Main Instruction Group#
The Main ALU performs all floating point, integer, and packing/unpacking operations. The operations are split into three phases that are fully exposed as separate entities where they are not being used for other functions.
The Main ALU may not be used at the same time as the Bitwise ALU.
Example#
0 : if (p0)
mul ft0, s0, s1 # phase 0 instruction
mad ft1, s3, s4, s5 # ft1 drives w1 by default, second to last phase present
mul ft2, is0, ft0 # ft2 drives w0 by default, last phase present
tstz.f32 ftt, p0, is1 # test instruction always drives feedthrough ftt
# p0 write optional
movc w0,w1, ftt, ft0, ft1 # ft1 or ft0 output to w0 (overrides default)
uvsw w0 # backend instruction
Opcodes#
Phase 0, phase 1 and backend can each take one instruction. Phase 2 can take PACK, TEST and/or MOV instructions.
Instructions should appear in the code in phase order (zero to two) and if there is a TEST instruction it should appear before the MOV instruction.
Instructions do not need to be present for all phases, but there are some restrictions on which combinations of phases can be present. Phase 1 can only be present if phase 0 is also present. Backend instructions can be present on their own or in combination with phase 0 and phase 2.
Source Arguments#
There are two groups of ALU inputs:
S0, S1, S2
S3, S4, S5
0, 1, 2 or 3 inputs may be used from each instruction group, but the lowest numbered inputs within each group must be used first.

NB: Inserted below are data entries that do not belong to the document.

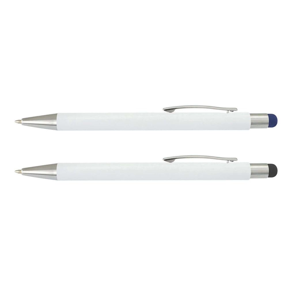 The Lancer Stylus Pen - White Barrel is a sophisticated writing instrument designed for both functionality and style. This retractable aluminium ballpoint pen features a sleek gloss lacquered barrel complemented by shiny chrome trim.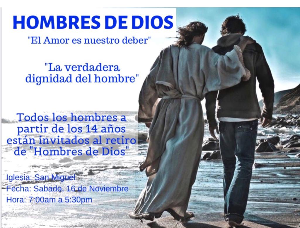 Todos los hombres a partir de los 14 anos estan invitados al retiro de “Hombres de Dios” Iglesia: San Miguel, 16 de Noviembre, 7:00 am a 5:30 pm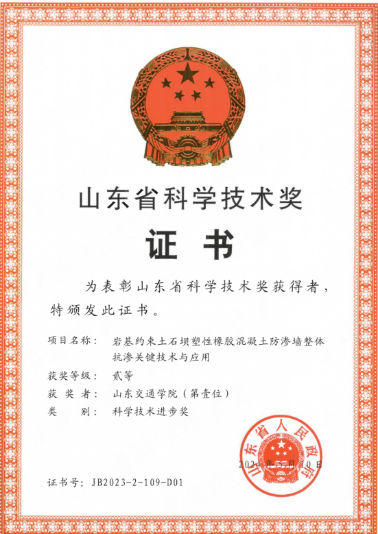2024年“岩基约束土石坝塑性橡胶混凝土防渗墙整体抗渗关键技术与应用”获山东省科技进步二等奖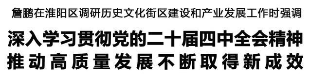 本報訊 (記者 李鳳霞 何晴) 10月29日,市長詹鵬到淮陽區(qū)調(diào)研歷史文化街區(qū)建設(shè)和產(chǎn)業(yè)發(fā)展工作,強調(diào)要深入學(xué)習(xí)貫徹黨的二十屆四中全會精神,扎實推進產(chǎn)業(yè)高質(zhì)量發(fā)展,鞏固壯大實體經(jīng)濟根基,奮力譜寫中原大地推進中國式現(xiàn)代化周口新篇章。張建黨、王文峰參加調(diào)研。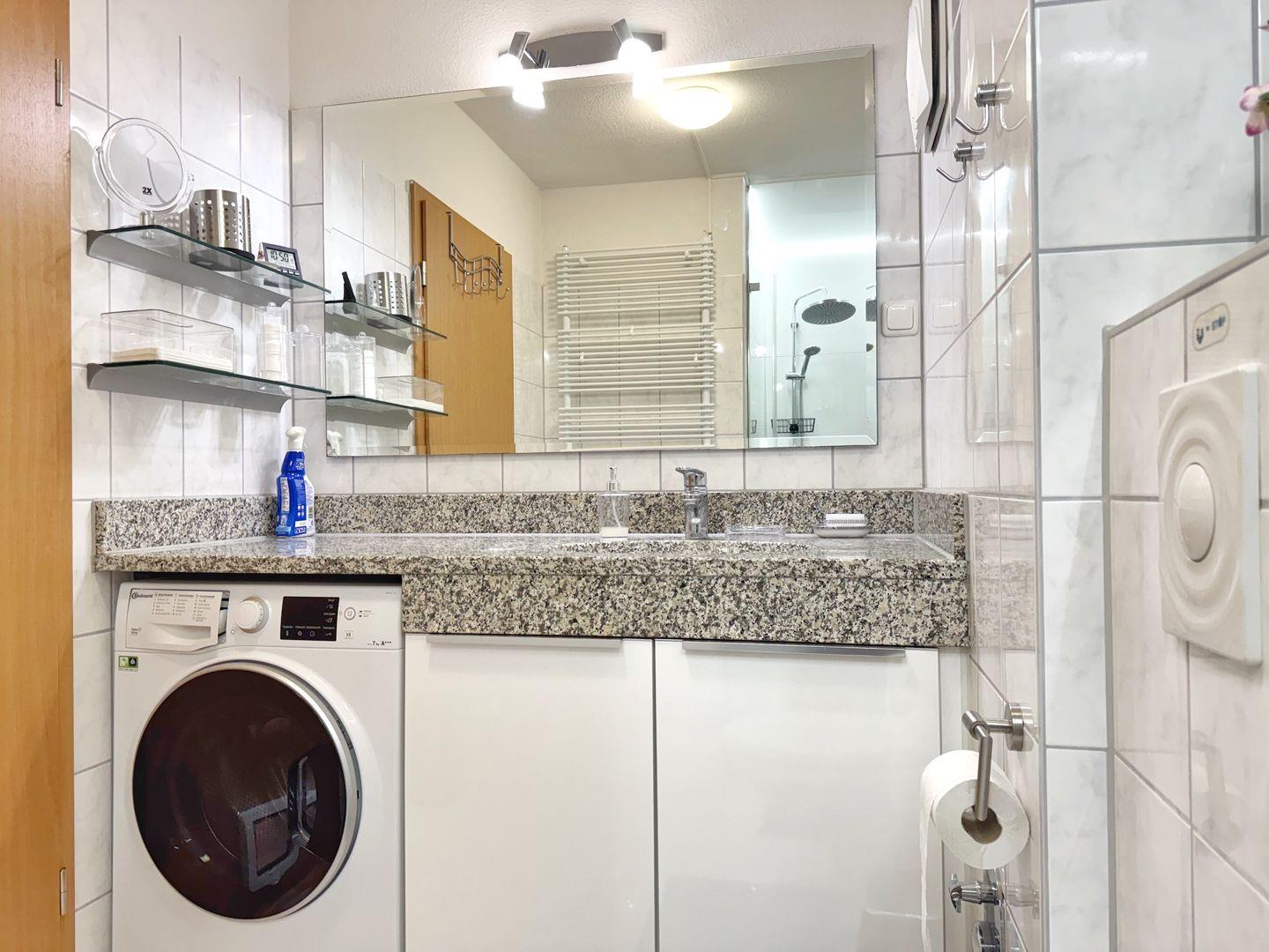 Im modernen Bad stehen eine Waschmaschine, ein Haar Fön und auch ein Schminkspiegel mit 2-fach Vergrößerung zur Verfügung. Die Dusche ist fast ebenerdig mit nur ca. 2 cm Rand, hat einen Haltegriff und einen Sitz.

Source arguments denote possible input registers in the reference section.
Internal Source#
Internal feedthrough sources (FT0, FT1 and FT2) are generated by phase 0, 1 and 2 instructions respectively. These are shown as the destination (first argument) of the phase instructions.
Internal sources for phase 2 may need to be declared if phase two instructions are present. Phase 2 instructions can only choose from two pre-selected external sources in addition to FT0 and FT1 and these are named IS0 and IS1.
Destination Arguments#
ALU outputs are:
W0
W1
Destination arguments denote possible output registers in the reference section.
Complex Instructions#
Complex and trigonometric instructions use the entire Main ALU and have fixed sources and destinations.
Note
When issued in Phase 1, Complex and Trigonometric instruction types can leave resources free in Phase 0 of the Main ALU to be coissued. They can also be coissued with F16SOP operations. FRED instructions can never be coissued and 32/64 bit integer instructions cannot be used in Phase 0.
Texture Address Unit#
The texture address unit (TAU) is used to calculate texel memory addresses for a given set of texture coordinates. The texture address unit occupies all phases of the Main ALU, and is used via the GTA (Generate Texel Address) instruction. GTA has fixed sources and destinations.
The TAU processes four instances in parallel which allows common source data and calculations to be shared. For example, each instance reads only 32 bits of the 128-bit texture state.
F16 Sum-of-Products Unit#
The F16 Sum-of-Products (SOP) unit is an F16 precision vector ALU, which may be used for operations such as alpha blending. Any F32 inputs are converted to F16 prior to performing calculations. The F16 SOP unit uses the entire Main ALU.